The narrator begins in high, energetic spirits, happily people-watching; he ends the story by being wracked with exhaustion and unable to read the old man in the way that he had ‘read’ the earlier individuals he had observed.
How should we interpret ‘The Man of the Crowd’? Analysing the story in light of Poe’s broader output – and especially, in terms of those tales of conscience mentioned in the previous paragraph – can point the way, as can knowledge of other Poe stories such as ‘William Wilson’.
In that tale, the narrator is dogged and haunted by his double – another man, also named ‘William Wilson’, who appears to represent the narrator’s conscience, since this doppelganger appears to the narrator at the moments in his life when he is acting immorally and committing some grave sin or crime.
In this connection, then, we might view ‘The Man of the Crowd’ as a variation on the same theme. It’s perhaps telling that ‘William Wilson’ had been published in 1839, just a year before Poe wrote ‘The Man of the Crowd’. Is the latter story Poe’s attempt to explore the same theme – that of a ‘double’, one who is both the narrator and not the narrator, from a different angle? Is the old man an older version of the story’s narrator?

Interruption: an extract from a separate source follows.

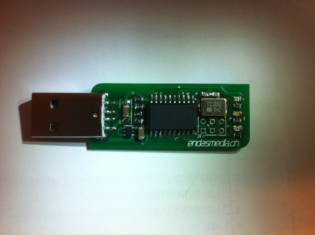 Hallo liebe Community Ich habe mir letztens einen USB RF-Stick entwickelt. Nachdem die Teile da waren, wurde alles schnell aufgebaut. Ich war wirklich begeistert von dem kleinen Teil. Hier mal kurz die Eckdaten: - CC2500 Funkmodul - AT45DB642 64MBIT Flash Speicher (per SPI) - AtTiny 4313 Mikrocontroller - OBDEV USB Library (http://www.obdev.at/products/vusb/index-de.html) - 100% Plug n Play dank HID (keine Treiber notwendig) Technische Details: - 12MHz Quarz - 3 LED's - 3.3V Spannungsregler on-Board (TPS73033) Anwendungsmöglichkeiten: - Als Kryptographische einheit (nur Flash und uC bestückt oder auch nur uC) - Als Funkkomunikationseinheit (z.B. für Sensoren welche auch ein CC2500 besitzen) - Als verhältnismässig kleiner Datenspeicher (8MByte) - Und vieles mehr Kommuniziert wird mit dem Stick mittels eines Kommandozeilen Programms, welches bei obdev.at als OpenSource heruntergeladen werden kann. (Wirklich sehr einfach in der Anwendung) Ich habe noch einige Prints übrig, und würde diese gerne an Interessierte Leute abgeben. Angeboten wird nur der Print für 2€ oder Print inkl. USB Stecker für 2.30€ Versand: 2€ (von CH nach DE/AT) Innerhalb Schweiz: 1CHF Bei Interesse, bitte hier im Forum posten, eine PN senden oder direkt per Mail an claudio . hediger (ät) gmail .com - Der Flash Chip befindet sich im BGA Gehäuse. Doch ich war überrascht, wie einfach dieser zu Löten war. Ein Heissluftfön und eventuell etwas Flussmittel genügt völlig. 1) Flussmittel dünn auf den Print aufragen. 2) IC nach dem Bestückungsdruck ausrichten 3) Heissluftfön auf ca 300C° stellen und mit geringem Luftdurchfluss heizen, bis sich das IC etwas absenkt. 4) Fertig! :) Dauert ca 1-2 Minuten. Grüsse Claudio

In his excellent study of the subject, The Uncanny, Nicholas Royle analyses the double as a classic example of the uncanny: something that is a curious and unsettling mixture of the familiar (this person is like me) and unfamiliar (this person, though like me, is not me).

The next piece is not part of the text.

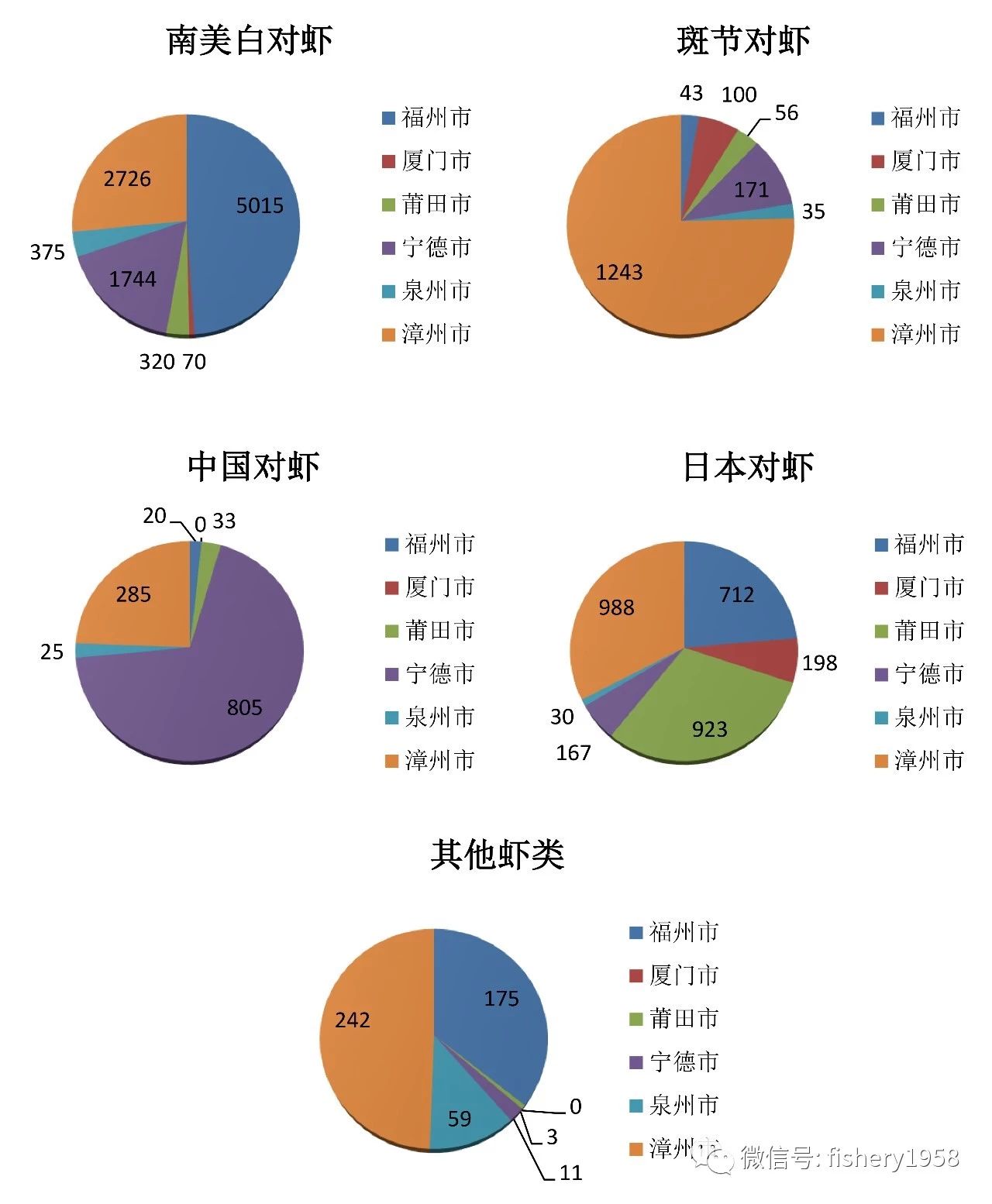 图1 2016年福建各地区对虾海水养殖产量(单位:吨)

Although it would perhaps be reductive to analyse ‘The Man of the Crowd’ as merely a ‘double’ story, this interpretation makes sense when we view the story in the context of Poe’s other tales. Poe’s repeated use of the word ‘stranger’ suggests he is at pains to highlight the difference between the two men, and yet the narrator is mysteriously drawn to him.
However, Poe’s text does not make any attempt to drop hints that the narrator and the old stranger are one and the same, and the nature of the ‘crime’ mentioned at the end of the story remains unexplained.
Finally, we might seize upon that title. Although the narrator identifies the old man as ‘the man of the crowd’, the epithet could just as easily be attached to the story’s narrator, who weaves in and out of the London populace as he pursues the stranger.
Perhaps, in the last analysis, this is a tale about urban alienation and loneliness: the double-bind of living in a crowded city like London is that you are never alone and yet, because you are just one anonymous ‘stranger’ among the masses, doomed always to be alone.